**Required action:** Your task is to copy the stretch of lines in the records below that begins with the line containing "Health Guard 63141" and ends with the line containing "The festivities began", exactly as written, with nothing added.

··· Records for this exercise ···

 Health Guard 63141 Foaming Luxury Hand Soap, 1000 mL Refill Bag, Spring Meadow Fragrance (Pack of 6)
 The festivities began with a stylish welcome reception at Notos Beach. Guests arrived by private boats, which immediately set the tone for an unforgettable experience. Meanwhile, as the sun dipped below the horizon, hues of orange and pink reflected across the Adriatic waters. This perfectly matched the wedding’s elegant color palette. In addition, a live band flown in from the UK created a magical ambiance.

···
··· Records for this exercise ···

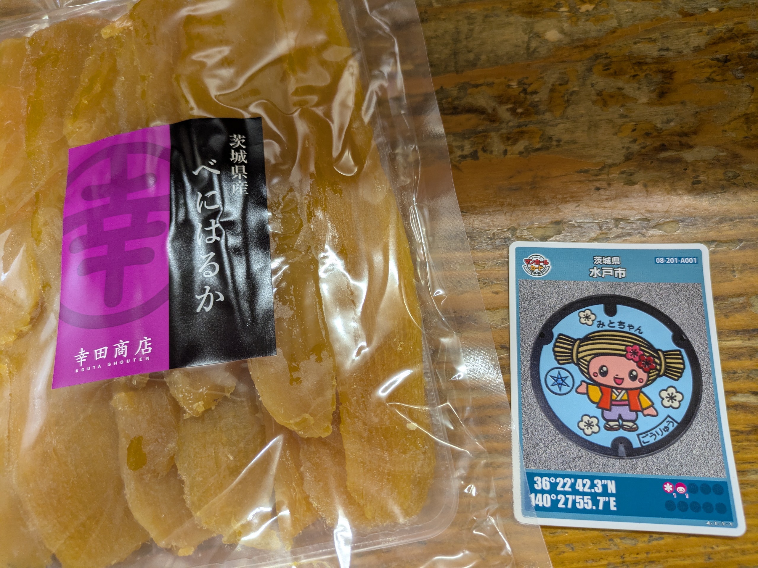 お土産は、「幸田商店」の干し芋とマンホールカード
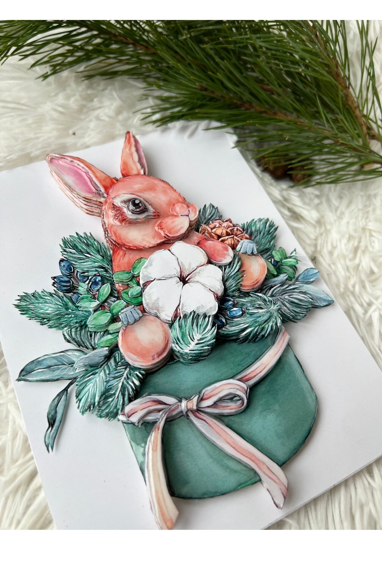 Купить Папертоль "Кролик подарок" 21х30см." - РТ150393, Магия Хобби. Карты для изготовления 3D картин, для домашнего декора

···

**Expected answer:**
 Health Guard 63141 Foaming Luxury Hand Soap, 1000 mL Refill Bag, Spring Meadow Fragrance (Pack of 6)
 The festivities began with a stylish welcome reception at Notos Beach. Guests arrived by private boats, which immediately set the tone for an unforgettable experience. Meanwhile, as the sun dipped below the horizon, hues of orange and pink reflected across the Adriatic waters. This perfectly matched the wedding’s elegant color palette. In addition, a live band flown in from the UK created a magical ambiance.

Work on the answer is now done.